**THE TASK**
The listing below holds pictures; exclude them. Return exactly the lines from the one with "Strawberries with Dark" through the one with "30 қазанда сағат".

**RECORDS FOR THIS EXERCISE**
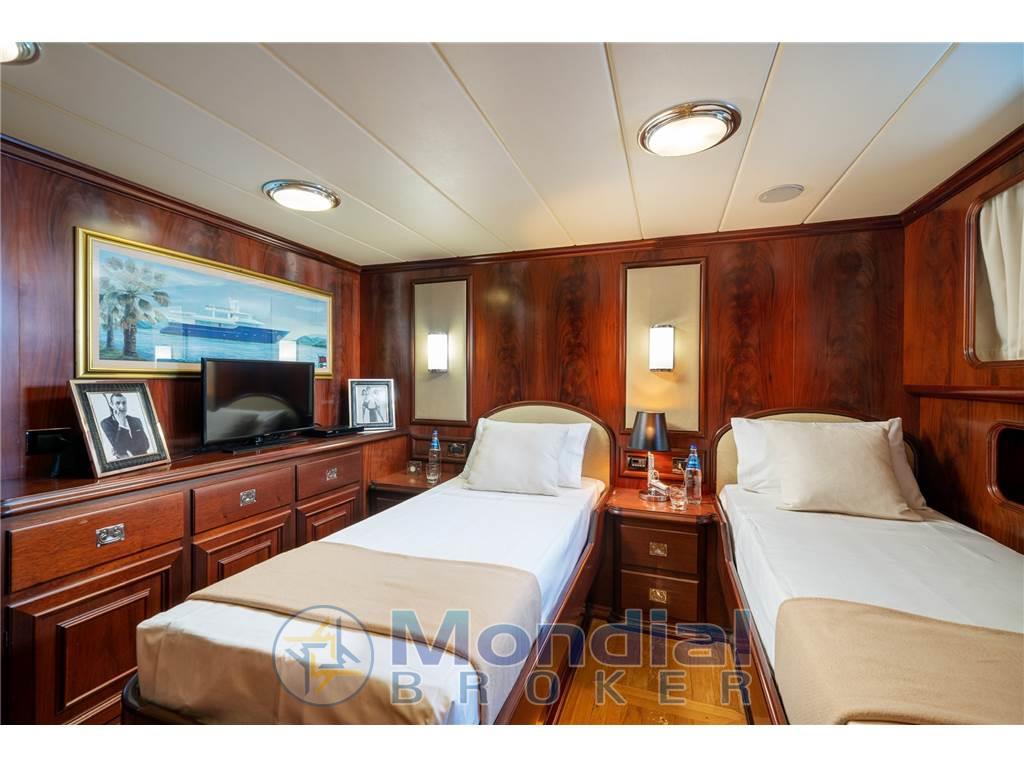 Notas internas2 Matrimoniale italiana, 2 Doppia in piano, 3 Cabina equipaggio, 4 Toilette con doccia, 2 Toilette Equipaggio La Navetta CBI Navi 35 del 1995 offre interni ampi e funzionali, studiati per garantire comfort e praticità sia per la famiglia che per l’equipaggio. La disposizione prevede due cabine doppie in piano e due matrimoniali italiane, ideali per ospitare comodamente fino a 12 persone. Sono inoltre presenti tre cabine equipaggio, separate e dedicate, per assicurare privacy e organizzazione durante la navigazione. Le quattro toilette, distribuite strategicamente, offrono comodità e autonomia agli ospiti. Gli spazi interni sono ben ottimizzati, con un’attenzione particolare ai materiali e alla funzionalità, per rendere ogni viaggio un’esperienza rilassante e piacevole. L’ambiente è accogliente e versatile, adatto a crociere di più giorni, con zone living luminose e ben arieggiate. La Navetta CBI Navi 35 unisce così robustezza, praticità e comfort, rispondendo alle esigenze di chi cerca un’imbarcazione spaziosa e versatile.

...

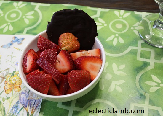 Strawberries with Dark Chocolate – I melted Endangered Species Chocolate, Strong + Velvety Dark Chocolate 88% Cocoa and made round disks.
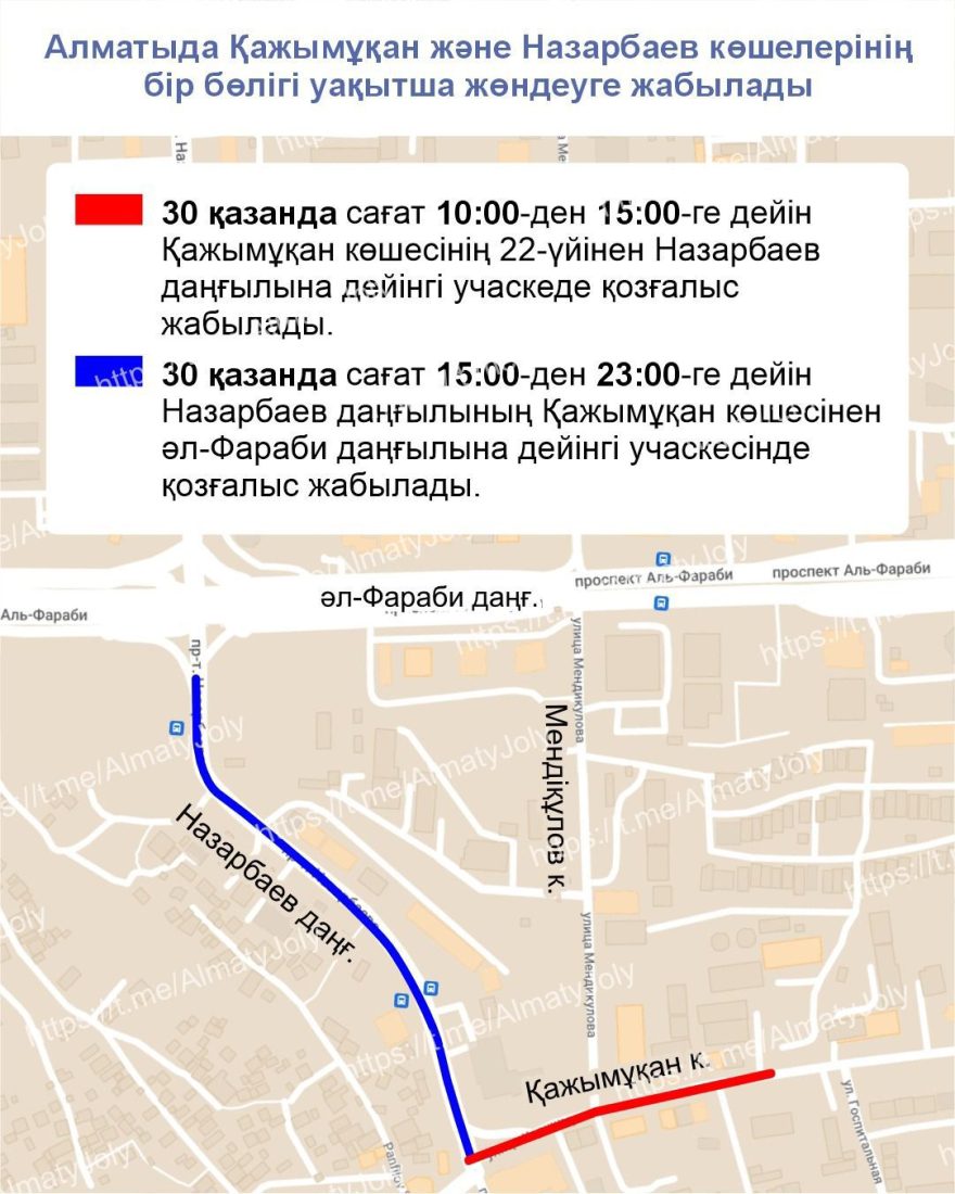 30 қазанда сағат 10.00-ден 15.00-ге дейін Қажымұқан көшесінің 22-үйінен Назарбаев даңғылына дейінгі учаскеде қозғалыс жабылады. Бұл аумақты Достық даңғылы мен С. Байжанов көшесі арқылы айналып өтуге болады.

**SOLUTION TO THIS PROBLEM**
 Strawberries with Dark Chocolate – I melted Endangered Species Chocolate, Strong + Velvety Dark Chocolate 88% Cocoa and made round disks.
 30 қазанда сағат 10.00-ден 15.00-ге дейін Қажымұқан көшесінің 22-үйінен Назарбаев даңғылына дейінгі учаскеде қозғалыс жабылады. Бұл аумақты Достық даңғылы мен С. Байжанов көшесі арқылы айналып өтуге болады.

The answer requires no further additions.